Hermes continues to explain that the spear is actually an arrow created by Artemis powerful enough to kill even Gods, with the arrow called "Orion", leading Asfi to realize that Bell has been tasked with killing Artemis. Bell attempts to fight the beast using just his Hestia Knife and Firebolt, but proves ineffective as it simply regenerates it back, while the "fragment" Artemis manages to negate an attack to save the group, before disappearing. Bell goes into shock, and while the group act as decoys to keep Antares busy, Hestia's cries to save Artemis brings Bell to his senses. Using Orion, empowered by his Argonaut skill, Bell kills Antares, and proceeds to use his Hestia Knife to break the crystal Artemis was entrapped in, stabbing her in the heart.

An apparition of Artemis appears before Bell and reveals to him that even Gods reincarnate, though however long that may be even she doesn't know. She tearfully hopes that the next time they meet, they'll have a 10,000 year romance. Back in reality, Antares' body is destroyed and the Arcanum spell is destroyed, calming down the monsters in Orario. Outside of the ruins, Hestia consoles a morose Bell by showing him that his heroic deed not only saved Artemis, but the surrounding forest as well. Taking note of that, Bell and Hestia regroup with their friends and prepare to return home.

== Voice cast ==

| Character | Japanese | English |
|---|---|---|
| Bell Cranel | Yoshitsugu Matsuoka | Bryson Baugus |
| Hestia | Inori Minase | Luci Christian |
| Eina Tulle | Haruka Tomatsu | Shelby Blocker |
| Artemis | Maaya Sakamoto | Avery Smithhart |
| Liliruca Arde | Maaya Uchida | Hilary Haag |
| Ryū Lyon | Saori Hayami | Genevieve Simmons |
| Aiz Wallenstein | Saori Ōnishi | Shelley Calene-Black |
| Syr Flover | Shizuka Ishigami | Juliet Simmons |
| Hermes | Soma Saito | Benjamin McLaughlin |
| Freya | Yōko Hikasa | Patricia Duran |
| Welf Crozzo | Yoshimasa Hosoya | David Wald |
| Loki | Yurika Kubo | Christina Kelly |
| Lefiya Viridis | Juri Kimura | Kelley Peters |

== Production and release ==
The film was based on Is It Wrong to Try to Pick Up Girls in a Dungeon?, featuring an original story by the creator Fujino Ōmori. It was announced with the second season of the series during the GA Bunko 2018 Happyō Stage at Wonder Festival on February 18, 2018. The film was directed by Katsushi Sakurabi, with Warner Bros. distributed the film in Japan. J.C.Staff returned to animate the film, as well as the rest of the cast and staff reprised their roles. Yuka Iguchi performed the theme song "Onaji Sora no Shita" (おなじ空の下で) for the film.

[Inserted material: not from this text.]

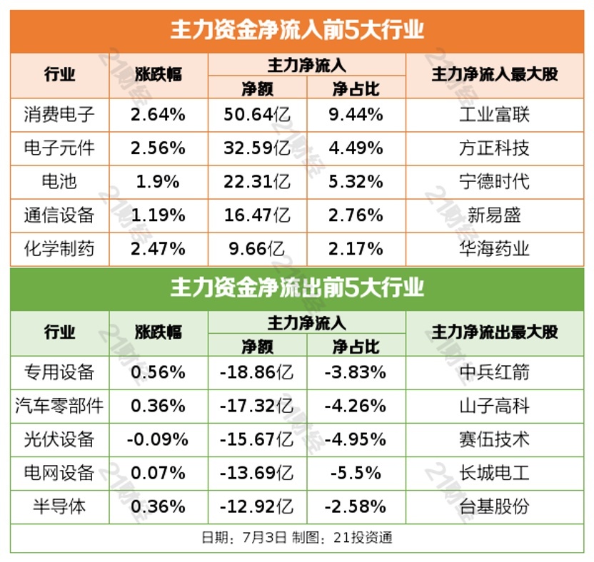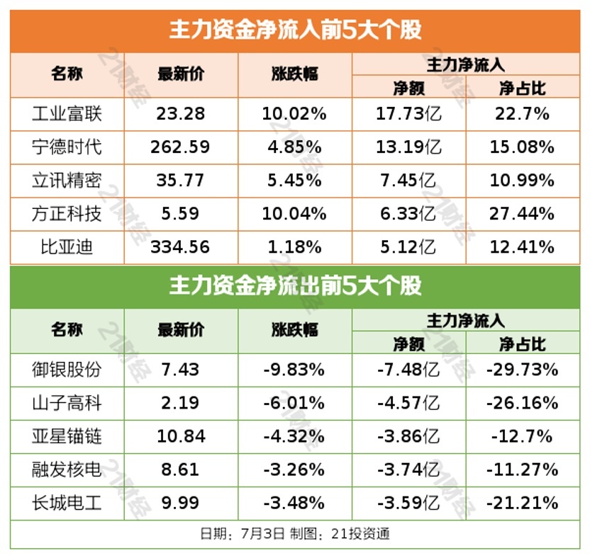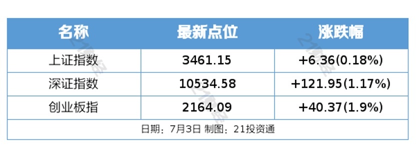 7月3日,市场全天震荡反弹,创业板指领涨,宁德时代涨近5%。沪深两市全天成交额1.31万亿元,较上个交易日缩量672亿元。 盘面上,市场热点较为杂乱,个股涨多跌少,全市场超3200只个股上涨。

The film was originally released in Japan on February 15, 2019. Sentai Filmworks licensed the film in North America and screened the film in the United States on July 23, 2019. Manga Entertainment released Blu-ray and DVD in Australasia on September 7, 2020. The film also released to some other territories.

== Reception ==
Richard Eisenbeis of Anime News Network giving it an overall score of B. He praised the film's original story, but he criticised the film "goes too big for things to believably return to the status quo at the end of the film".